Python Forum

Full Version: XML using xml.etree.ElementTree Question
You're currently viewing a stripped down version of our content. View the full version with proper formatting.
Please advise me on the following issue. I have 3 sections below: data, Python code, and output. It looks like the event start does not always give me the elem.text value. In this case, it will give me “None”. The start event is not 100% reliable to obtain a tag value. The end event seems to provide value each time. Is this a bug in Python programming language? Is there a better way to get tag value from start even?
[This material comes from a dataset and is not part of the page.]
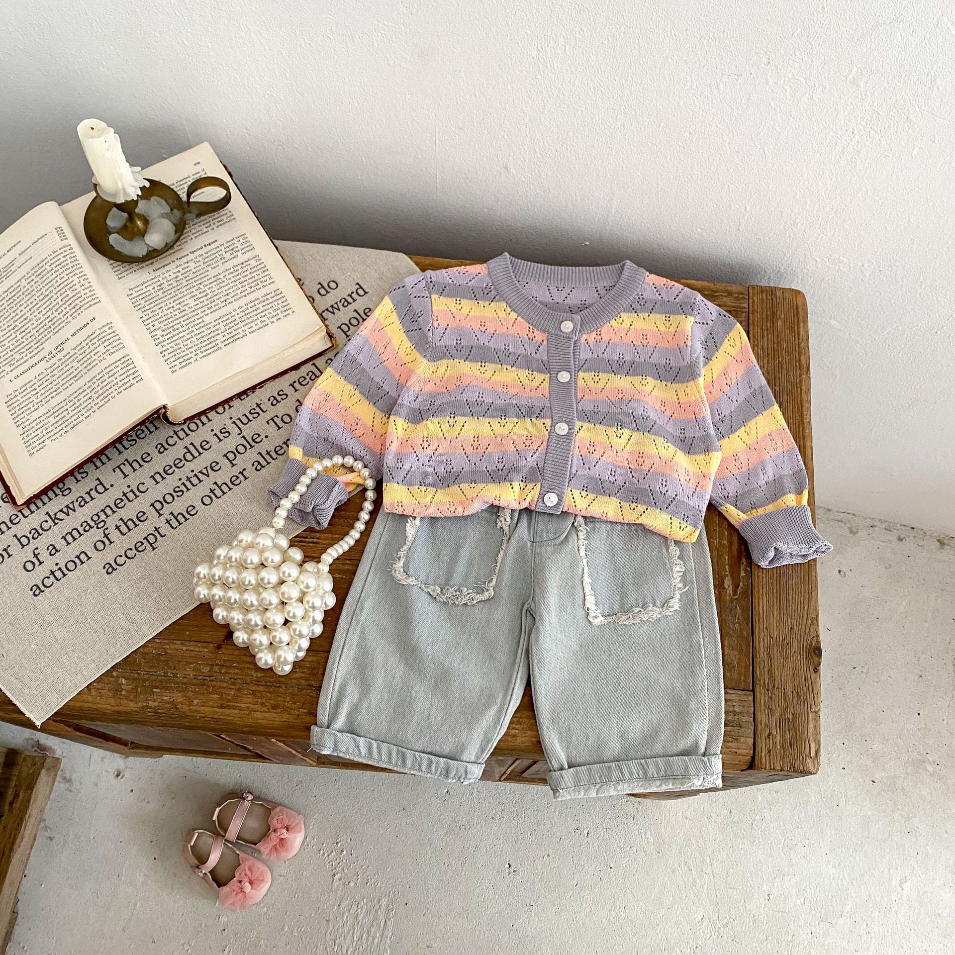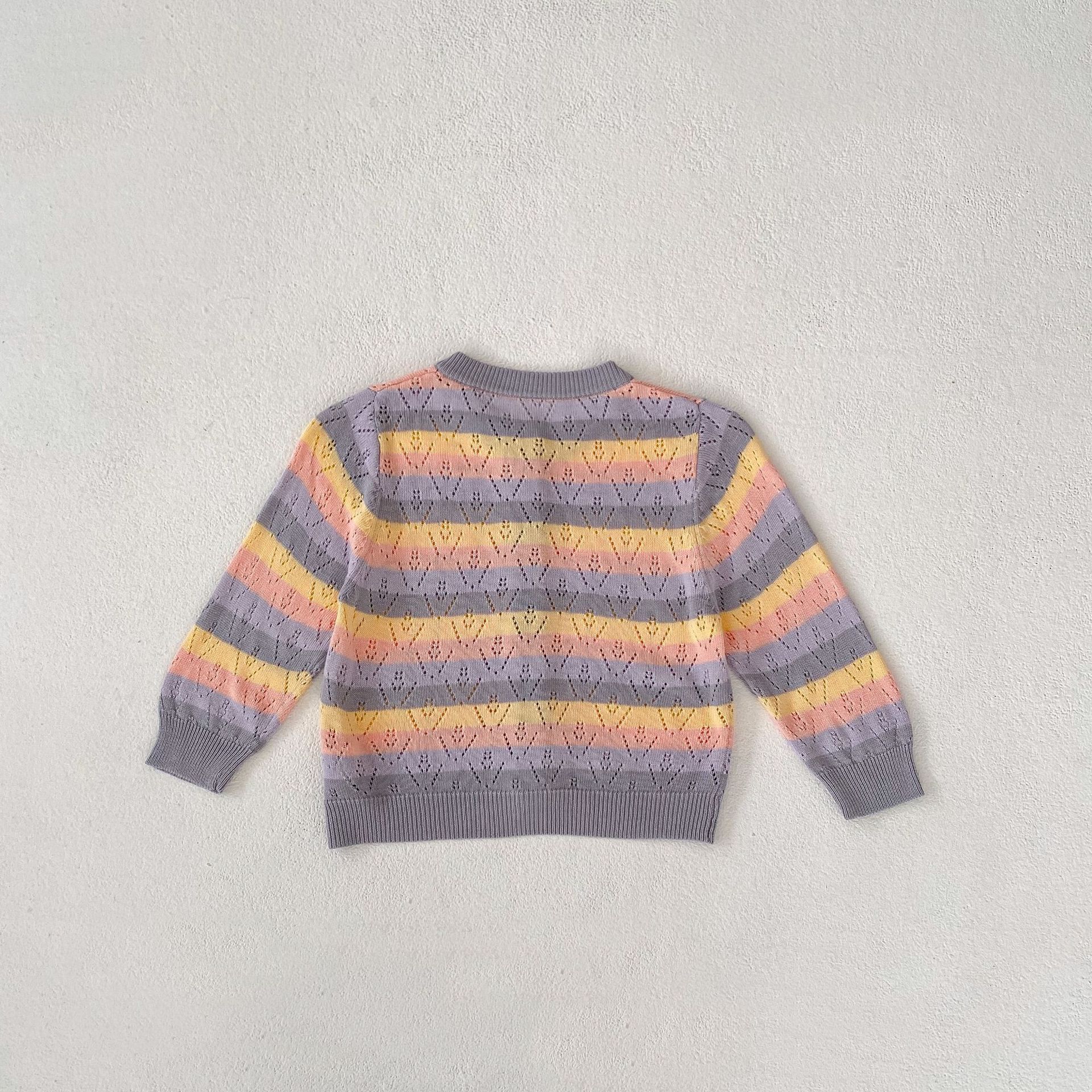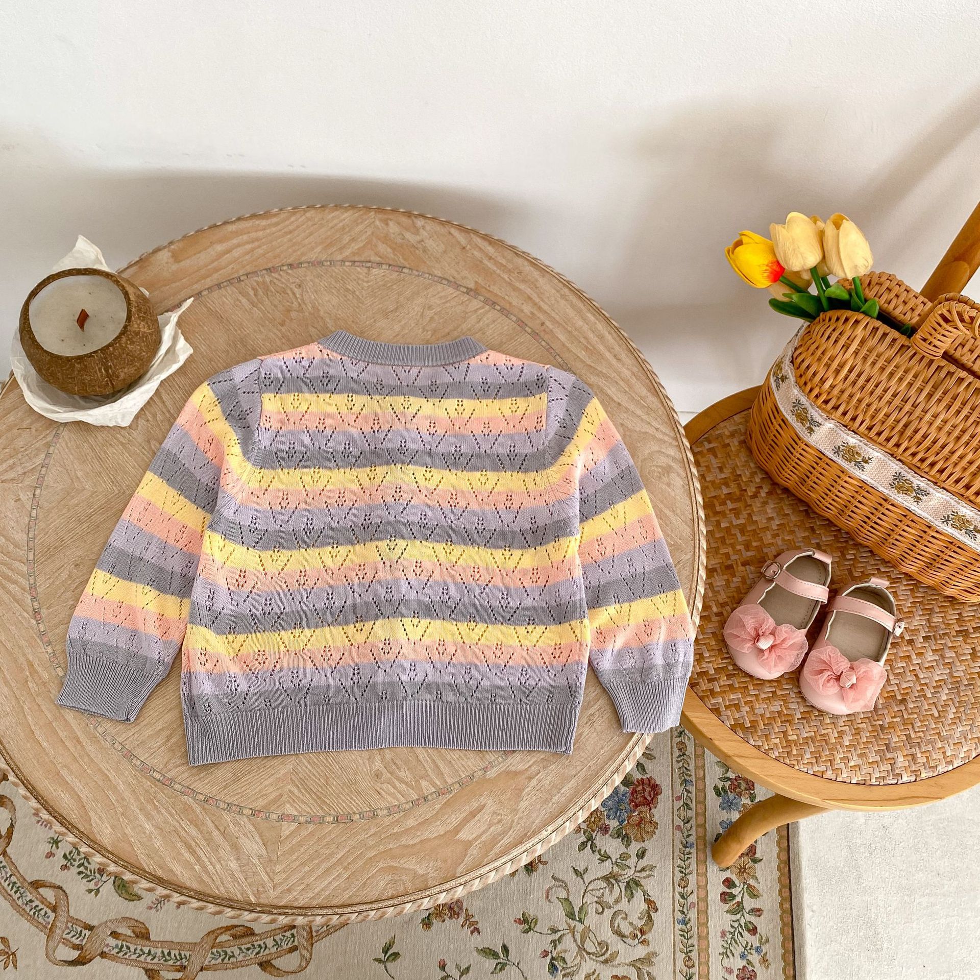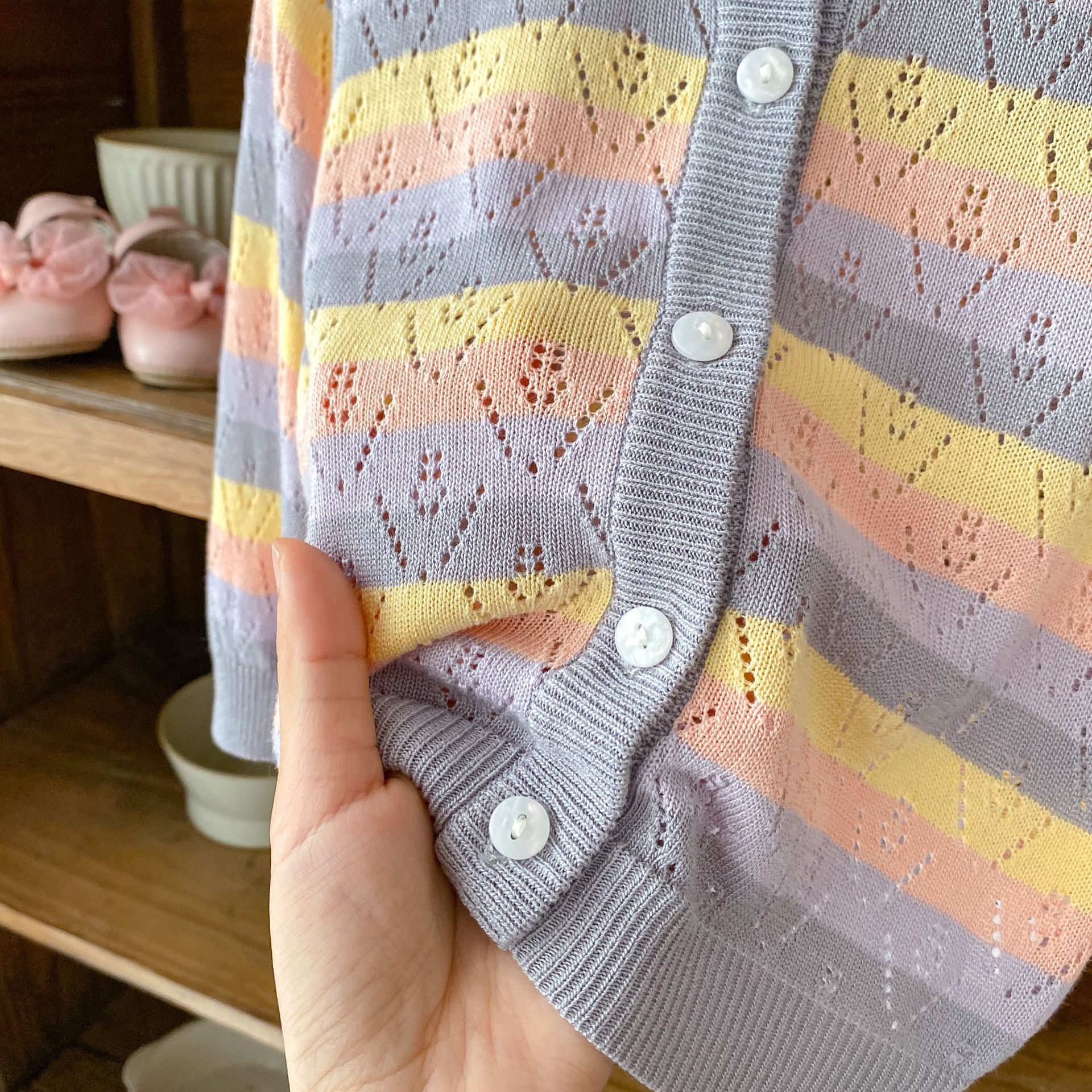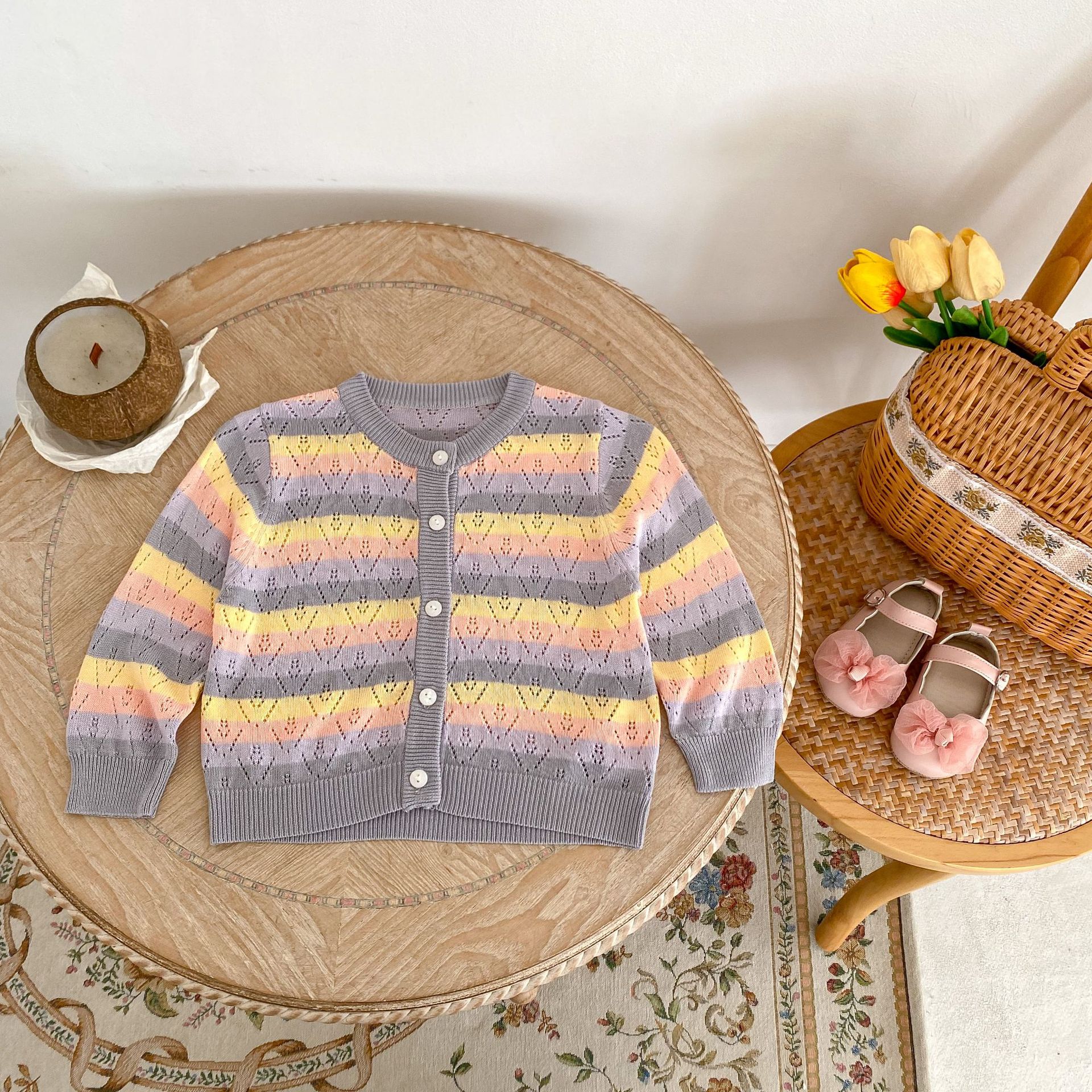 レインボーボーダーと涼しげなレースニットが魅力の、サマーカーディガンです。ベビーから男の子まで、夏の羽織りにぴったりのアイテム。

File name: XMLD.DOCUMT.xml

Line 148:
<didFundLendSecurities>N</didFundLendSecurities>

Line 322:
<didFundLendSecurities>N</didFundLendSecurities>

Line 495:
<didFundLendSecurities>N</didFundLendSecurities>

--

import xml.etree.cElementTree as ET
import random
import sys
import os
import collections

v_file_name = "XMLD.DOCUMT.xml"

tree = ET.iterparse(v_file_name, events = ("start", "end"))
children = iter(tree)
for event, elem in children:
v_elem_tag = str(elem.tag.split('}')[1])
v_elem_tag_attrib = str(elem.attrib)
#Tags withoug attrib go here
if (len(v_elem_tag_attrib) == 2):
if (event == "start") and (v_elem_tag == "didFundLendSecurities"):
print("Start: ", v_elem_tag, elem.text)
if (event == "end") and (v_elem_tag == "didFundLendSecurities"):
print("End: ", v_elem_tag, elem.text)
#Tags with attrib go here
else:
pass

--

Start: didFundLendSecurities N
End: didFundLendSecurities N

Start: didFundLendSecurities None
End: didFundLendSecurities N

Start: didFundLendSecurities N
End: didFundLendSecurities N
It is not a bug: the documentation says
Quote:Note iterparse() only guarantees that it has seen the “>” character of a starting tag when it emits a “start” event, so the attributes are defined, but the contents of the text and tail attributes are undefined at that point. The same applies to the element children; they may or may not be present.
If you need a fully populated element, look for “end” events instead.

Obviously, the reason is that the text has not yet been read when the iterative parser emits the start event.